The Tribunal awarded a sum of Rs.5,400/- for funeral expenses, pain and suffering and mental agony of the petitioners. This Court sets aside the award of the Tribunal granted under this head as it is found not pertinent. This Court awards a sum of Rs.15,000/- under the head of funeral expenses to the petitioner. Further, this Court grants a sum of Rs.10,000/-for transport expenses. In total, this Court awards a sum of Rs.7,46,200/-as compensation to the claimant. Regarding the findings on liability and rate of interest fixed by the Tribunal, this Court finding it to be well-reasoned and fair, confirms the same.
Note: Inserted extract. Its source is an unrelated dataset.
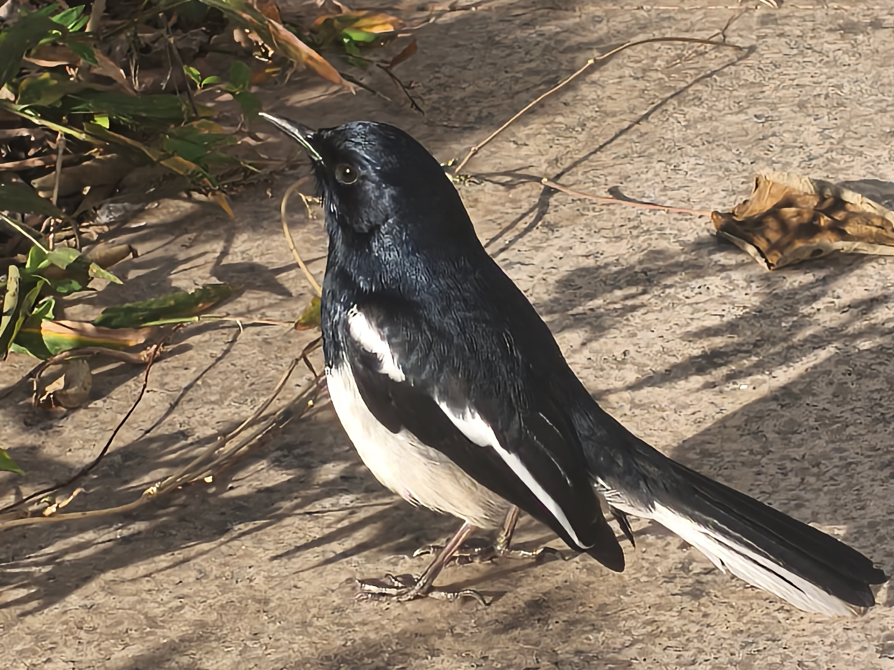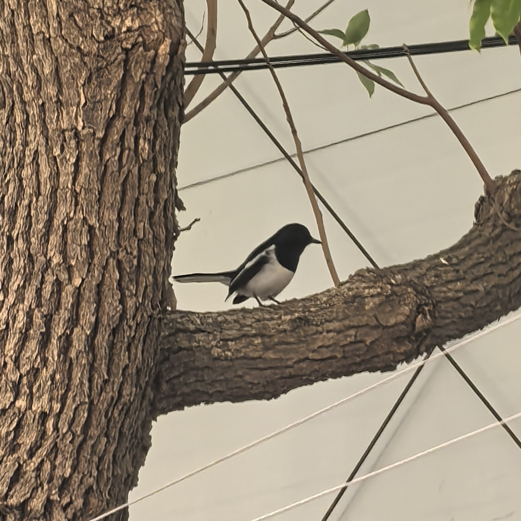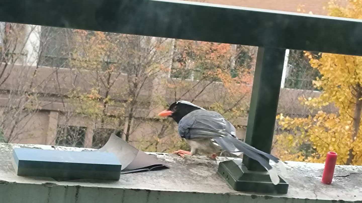 - 高中同班同学拍到的他们学校图书馆外的鹊鸲弟弟。

As such, this Court awards a sum of Rs.7,46,200/- as compensation to the claimant, together with interest at the rate of 9% per annum from the date of filing the petition till the date of deposit of compensation. 26. This Court, at the time of admission, on 16.04.2003, imposed a condition on the appellant/United India Insurance Co., Ltd., to deposit the entire award amount with interest and costs, into the credit of the M.C.O.P.No.93 of 1997, on the file of the Motor Accident Claims Tribunal, Additional Sub Court, Virudhachalam. Further, the Court has permits the first respondent/claimant to withdraw 50% of the award amount with accrued interest and costs. 27. As the accident happened in the year 1995, it is open to the claimant to withdraw the balance compensation amount, lying in the credit of the M.C.O.P.No.93 of 1997, on the file of the Motor Accident Claims Tribunal, Additional Sub Court, Virudhachalam, after filing necessary payment out application, in accordance with law. Likewise, the excess award amount of Rs.1,03,800/-with proportionate interest, lying in the credit of the M.C.O.P.No.93 of 1997, on the file of the Motor Accident Claims Tribunal, Additional Sub Court, Virudhachalam, can be withdrawn by the appellant, after observing necessary formalities of the Court. 28. In the result, the Civil Miscellaneous Appeal is partly allowed and the Award and Decree, dated 13.09.2001, in M.C.O.P.No.93 of 1997, passed by the Motor Accident Claims Tribunal, Additional Sub Court, Virudhachalam, is modified. Consequently, the connected miscellaneous petition is closed. No costs.